PROBLEM REQUIREMENTS.
Pictures stay out of the copy. Retype exactly, and only, the lines from the one containing "Dubber naruto di" through the end of the listing below.

___ GIVEN RECORDS ___

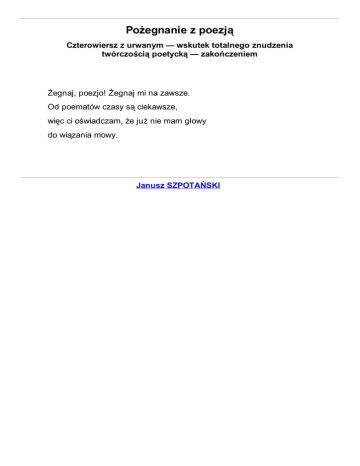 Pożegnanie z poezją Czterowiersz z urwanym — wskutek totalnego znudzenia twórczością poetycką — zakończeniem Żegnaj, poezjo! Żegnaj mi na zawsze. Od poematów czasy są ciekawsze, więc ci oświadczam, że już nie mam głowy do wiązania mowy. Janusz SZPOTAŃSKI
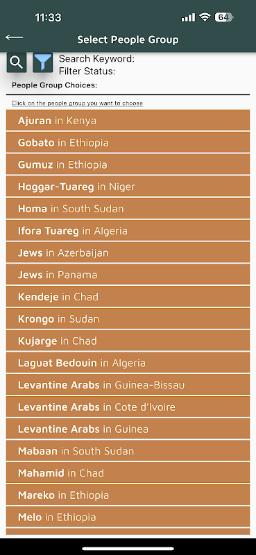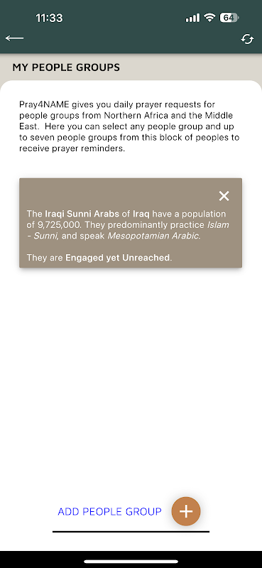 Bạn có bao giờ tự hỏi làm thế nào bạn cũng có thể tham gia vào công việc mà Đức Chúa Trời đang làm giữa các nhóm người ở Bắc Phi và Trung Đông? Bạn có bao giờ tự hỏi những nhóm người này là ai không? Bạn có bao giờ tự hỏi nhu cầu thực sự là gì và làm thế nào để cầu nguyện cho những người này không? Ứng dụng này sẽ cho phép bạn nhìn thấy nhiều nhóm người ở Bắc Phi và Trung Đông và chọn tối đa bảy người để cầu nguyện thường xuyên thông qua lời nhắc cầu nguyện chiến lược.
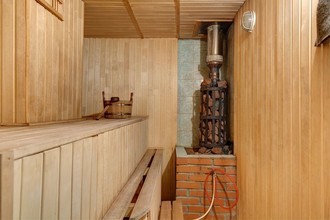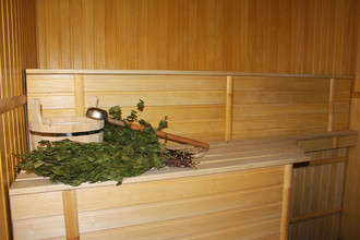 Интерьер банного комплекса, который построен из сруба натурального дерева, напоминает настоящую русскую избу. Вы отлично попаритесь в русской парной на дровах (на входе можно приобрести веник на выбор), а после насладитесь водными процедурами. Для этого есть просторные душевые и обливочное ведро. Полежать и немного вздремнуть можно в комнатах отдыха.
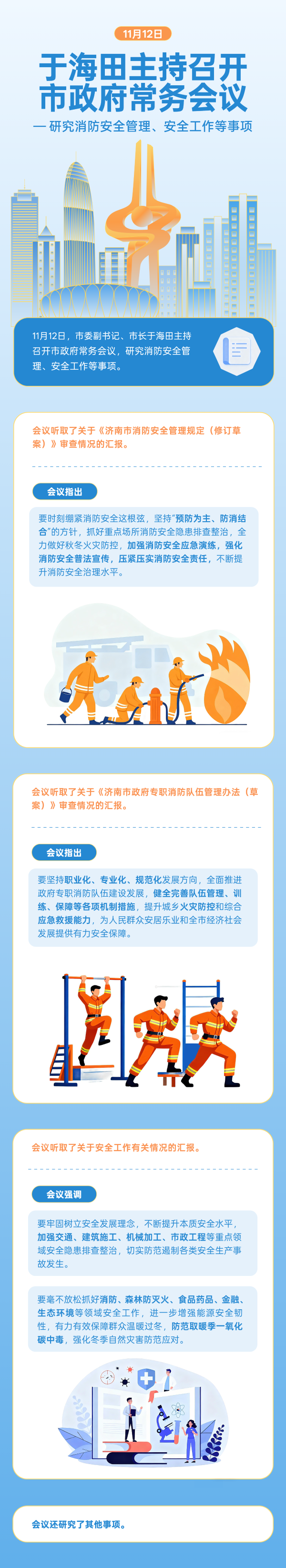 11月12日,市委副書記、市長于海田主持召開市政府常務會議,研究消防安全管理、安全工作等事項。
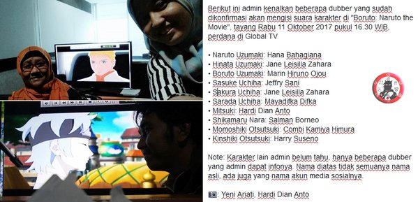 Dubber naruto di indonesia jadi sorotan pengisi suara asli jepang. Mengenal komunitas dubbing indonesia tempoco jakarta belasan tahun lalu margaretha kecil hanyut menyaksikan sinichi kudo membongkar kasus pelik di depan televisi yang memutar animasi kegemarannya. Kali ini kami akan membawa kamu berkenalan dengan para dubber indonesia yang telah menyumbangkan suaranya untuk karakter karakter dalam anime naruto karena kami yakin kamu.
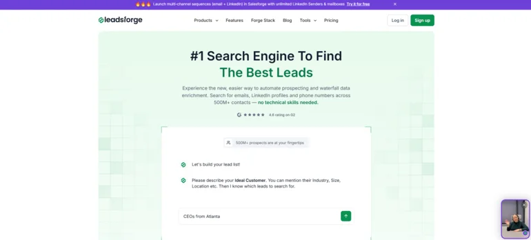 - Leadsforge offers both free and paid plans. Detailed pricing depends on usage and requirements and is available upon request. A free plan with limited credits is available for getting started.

___

SOLUTION TO THIS EXERCISE.
 Dubber naruto di indonesia jadi sorotan pengisi suara asli jepang. Mengenal komunitas dubbing indonesia tempoco jakarta belasan tahun lalu margaretha kecil hanyut menyaksikan sinichi kudo membongkar kasus pelik di depan televisi yang memutar animasi kegemarannya. Kali ini kami akan membawa kamu berkenalan dengan para dubber indonesia yang telah menyumbangkan suaranya untuk karakter karakter dalam anime naruto karena kami yakin kamu.
 - Leadsforge offers both free and paid plans. Detailed pricing depends on usage and requirements and is available upon request. A free plan with limited credits is available for getting started.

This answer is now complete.